A circle is divided into $n$ sectors ($n \geq 3$). Each sector can be filled in with either $1$ or $0$. Choose any sector $\mathcal{C}$ occupied by $0$, change it into a $1$ and simultaneously change the symbols $x, y$ in the two sectors adjacent to $\mathcal{C}$ to their complements $1-x$, $1-y$. We repeat this process as long as there exists a zero in some sector. In the initial configuration there is a $0$ in one sector and $1$s elsewhere. For which values of $n$ can we end this process?

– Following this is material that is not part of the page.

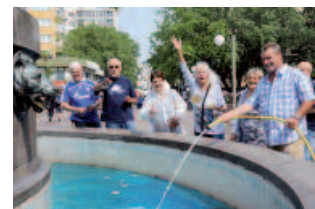
Kunstaktion "Kopf oder Zahl", Teilnehmer der Werkstatt warfen Münzen in den Brunnen am Platz und verwandelten ihn in einen öffentlichen Raum für Wünsche, Chancen und Perspektiven für das Quartier.

Der ausgelöste Prozess ist unumkehrbar und hat das Miteinander am Mehringplatz nachhaltig verändert. Wie dies gelungen ist, ist so schlicht wie überzeugend und daher zur Nachahmung dringend empfohlen. Dieses Engagement regt dazu an, dass auch andere Stadtteile sich auf diese Reise begeben und die Früchte einer gemeinsamen Vision von der Zukunft ihres Stadtteils ernten.

Solution Let the numbers in the sectors be $x_1, x_2, \dots, x_n$, and suppose that initially $x_1 = 0$, while $x_i = 1$ for $i > 0$. After choosing the only zero available, we have that $x_n = x_2 = 0$, and $x_i = 1$ otherwise. Suppose that we are in the position where $x_n = 0$, $x_1 = x_2 = \dots = x_k = 0$, $x_{k+1} = 1$, and $x_{k+2} = 0$. By choosing the $0$ in position $k+2$, we then obtain the configuration where $x_n = 0$, $x_1 = x_2 = \dots = x_{k + 1} = 0$, $x_{k+2} = 1$ and $x_{k + 3} = 0$. Thus continuing in this way, we obtain the configuration where $x_{n-2} = 1$, and $x_i = 0$ otherwise. If $n \equiv 1 \pmod 3$, then at this point we can divide the $0$ into groups of $3$ and apply the procedure to the $0$ in the middle of each group to contain a configuration where each sector contains a $1$. If $n \equiv 2 \pmod 3$, then we apply the procedure to the $0$ in sector $n-1$ to obtain the configuration where $x_{n-1} = x_n = 1$, and $x_i = 0$ otherwise. We can then again divide the remaining $0$s into groups of $3$ and apply the procedure to the $0$ in the middle of each group. Finally, we show that if $n \equiv 0 \pmod 3$, then the procedure never terminates. Let $A = x_1 + x_4 + \dots + x_{n-2}$, $B = x_2 + x_5 + \dots + x_{n-1}$, and $C = x_3 + x_6 + \dots + x_n$. We note that we initially have that $A = \frac{n}{3} - 1$, and $B = C = \frac{n}{3}$, while in the configuration where every sector contains a $1$ we have that $A = B = C = \frac{n}{3}$. We now note that the allowed operation changes the parity of $A$, $B$, and $C$. In particular, we always have that $A$, $B$, and $C$ do not all have the same parity, and so it is not possible to obtain a configuration where $A = B = C$.